Despite state-backed efforts, there is little evidence that knowledge-based industries have taken hold in Qatar amid a surging construction sector, according to a newly released government report.
Knowledge-based businesses are generally those in the high-tech, creative and other sectors that are dependent on intellectual capital and require well-educated and highly motivated people.
It’s a sought-after sector by governments around the world because it employs highly-paid professionals and generates wealth through exports.
Qatar’s economy is largely dependent on oil and gas – non-renewable resources that will eventually run out.
Government officials are attempting to diversify into several areas by funding entrepreneurship programs, creating space for high-tech firms in the Qatar Science & Technology Park and churning out graduates from universities within Qatar Foundation’s Education City.
However, the proportion of highly skilled workers within the country’s population actually declined between 2008 and 2012, according to the Ministry of Development Planning and Statistics (MDPS).
While the breakdown and growth of each sector is not known, young entrepreneurs have previously complained that onerous regulations make starting a business in Qatar difficult.

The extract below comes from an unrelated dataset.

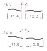 탐상검사 중 그림 1과 같은 선상 침투지시모양이 나타나서 이 지시모양을 제거한 후 여러 방법으로 다시 탐상한 결과 그림 2와 같은 지시모양을 최종 결과로 얻었다. 이 지시에 대하여 옳게 분류한 것은? (단, KS B 0816을 기준으로 분류하며, 그림의 숫자 단위는 mm 이다. )

Meanwhile, the International Monetary Fund (IMF) has previously warned that the negative media attention surrounding the country’s human rights record may be making it more difficult for local employers to attract expats.
Construction, real estate and financial services are expected to drive Qatar’s economic growth this year as oil production declines and natural gas extraction levels remain unchanged.
The country’s economy is expected to expand 6.3 percent in 2014, down from 6.5 percent last year, according to the ministry. Despite the small decrease, that pace of growth is still more than three times what the IMF forecasts for the US and nearly two percentage points higher than the fund’s outlook for the UAE.
Next year, Qatar’s economic expansion is expected to accelerate again with the opening of the new Barzan gas plant, which is expected to help push gross domestic product (GDP) up 7.8 percent next year.
Inflation, meanwhile, is expected to remain modest with consumer prices increasing 3 percent in 2014, down from an increase of 3.1 percent last year, driven by higher housing, entertainment and recreation costs.
The government’s figures are slightly rosier than the consensus estimates of private-sector economists, who predict marginally lower economic growth (5.9 percent) and moderately higher inflation (3.7 percent).
Amid a pledge from Qatar’s new Emir to reduce inefficiencies, government expenditures declined 1 percent last year. It’s the first time in at least five years that spending has declined and follows a 15.1 percent rise in expenditures in 2012-13.
Last year’s decrease came despite an increase in capital spending and a 14.6 percent increase in government wages and salaries.
The report attributed the savings to a restructuring of several government ministries as well as lower interest payments on government debt. Nevertheless, government expenditures in 2013-14 were 11 percent higher than budgeted, largely due to unplanned foreign grants to governments and other organizations.
While the report does not provide any specifics, Qatar frequently uses its wealth to bolster the finances of its regional neighbors, such as a $150 million grant given to the Palestinian Authority in late 2013.
The ministry’s report does not explicitly state the size of the government’s fiscal surplus, it pegs it at 12.6 percent of nominal GDP, which works out to US$25.52 billion.
This is in part because the government assumes oil will sell for $65 a barrel in its budget, even though the actual price hovers around $100. Furthermore, this year’s books were boosted by an accounting change that now combines Qatar Petroleum’s surplus with the government’s general finances.